Workshops

Apogee staff and affiliates are committed to the power of merging literature and social justice, not only in our journal but also in classrooms, writing groups, and community centers. Our outreach covers a variety of subjects from identity politics and direct action to craft-focused workshops. We are excited to participate in and collaborate with organizations creating space for underrepresented artists and writers. Please find our list of current and past programming below. For queries regarding workshop and project proposals, email alexandra@apogeejournal.org.

Writing Resistance 3.0 (2019)
New York Writers Coalition
Fort Greene, Brooklyn

Apogee contributors and community members will lead one digital and eight in-person craft-based writing and editing workshops in at the New York Writers Coalition in Brooklyn, New York. True to our mission of creating accessible and socially-engaged programming, these workshops are affordable, inclusive, and attentive to the ways identity informs reading and writing practices.

Writing in the Margins Workshop
New York Writers Coalition
Fort Greene, Brooklyn

An eight-week activism workshop series hosted by Apogee Journal and NY Writers Coalition to explore the politics of identity and social justice in, and through, creative writing. The first workshop took place from April 2 – May 21, 2015. Each session encompassed both critical discussion and writing. The critical discussion addressed a variety of topics including race, gender, intersectionality, privilege, and allyship. The creative writing component encompassed a NYWC-style workshop in which writers responded to writing prompts during a sustained, reflective writing time, followed by non-obligatory sharing and responses to the work read. Guest poets, writers, and activists visited throughout the eight weeks, and it concluded with a reading of participants’ work at Verso Books.

Apogee Writing & Activism Workshop Series is sponsored, in part, by the Greater New York Arts Development Fund of the New York City Department of Cultural Affairs, administered by Brooklyn Arts Council (BAC).

“Becoming socially responsible writers”
Hudson Valley Writers Center
Sleepy Hollow, NY

Recent events have shown us that we are still a long way from achieving equal rights for all people in America. Many of us want to write “politically”–for example, write work that responds to the recent events surrounding police brutality in Baltimore, Ferguson, Missouri, or Staten Island, New York–or injustices that are occurring in the fields of women’s rights, healthcare and migration. How can we as writers approach political subjects that we might not have first-hand experience in? How can we develop the language and tools to identify power structures, abuses of privilege, and “blind spots” in our writing and the writing we read? “Becoming socially responsible writers” is a workshop led by the editors of Apogee Journal, a literary-activist journal that works to highlight voices marginalized from mainstream literature. This workshop will have both critical discussion elements and writing exercises, involving a reading of literary texts followed by directed, critical discussion on ways to dissect topics like race, gender, class, and sexuality in literature, and written exercises exploring these subjects through narrative, voice, point of view, and topic choice. The workshop, in keeping with the Writers Center’s mission, will be open to writers and readers at all levels.

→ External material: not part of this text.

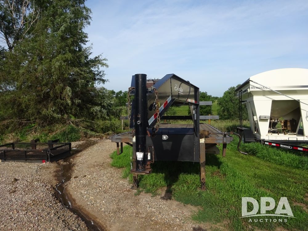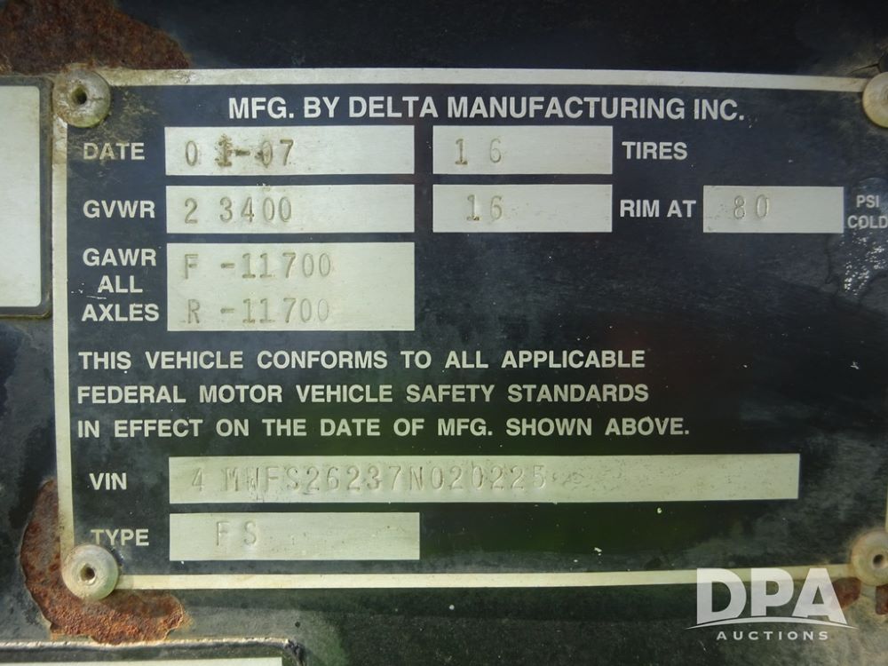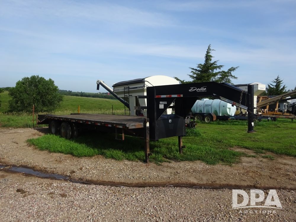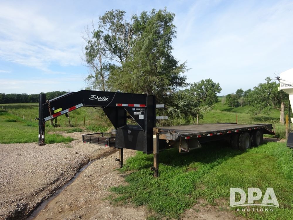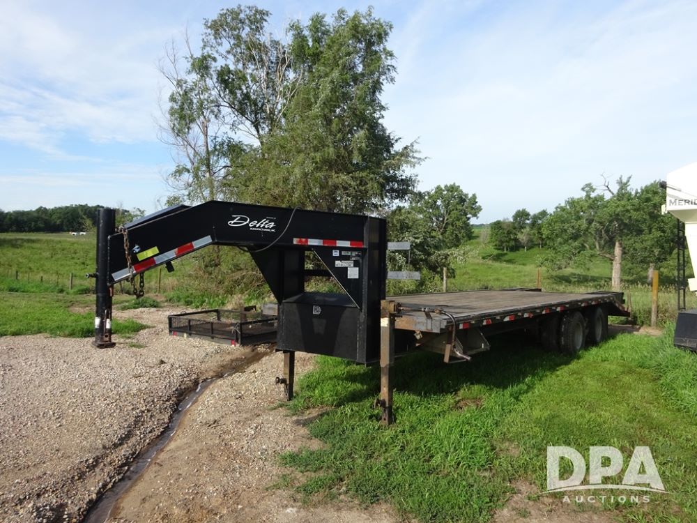 2007 Delta Trailer (PZ13712 Unit 33942), 26' gooseneck hitch trailer, rear beaver tail, rear manual ramps, front mounted storage box, rear manual outriggers, tandem dual wheeled axles 12,000 GVW each, 235/80R16 tires.

The Hudson Valley Writers’ Center, Inc. is a not-for-profit corporation founded in 1988 with a mission to advance the art and craft of writing by encouraging writers and readers at all levels to participate in and enjoy the literary arts. For more, visit https://writerscenter.org/.

“Everything I Couldn’t Say: Poetry & Prose From GUMBO”
January – May 2015
Benjamin Banneker Academy
Brooklyn, NY

This collection of poetry, prose and visual art is the battle cry of Great United Minds Believing in Ourselves (GUMBO), NY Writers Coalition’s after-school workshop for teens at Benjamin Banneker Academy in Clinton Hill, Brooklyn. Apogee staff taught publishing principles to the group of young writers, assisted in editing and production of the printed volume that was celebrated by a release party. The GUMBO Writing Group was made possible by the Cultural After School Adventures Initiative (CASA), supported, in part, by public funds from the New York City Department of Cultural Affairs in partnership with the City Council.

“Writing and Activism: How can we be good allies?”
November 1, 2014
New York Writers Coalition
Fort Greene, Brooklyn

A workshop at the NY Writers Coalition’s annual Write-a-Thon, New York City’s most popular marathon writing event. The workshop was an informal critical discussion addressing privilege, hierarchy, and the social power dynamics we encounter in published writing we read, the work we write ourselves, and the unpublished work we encounter in workshop environments. The session consisted of a short reading of texts, a writing exercise, and a directed discussion on the role of allies in literature.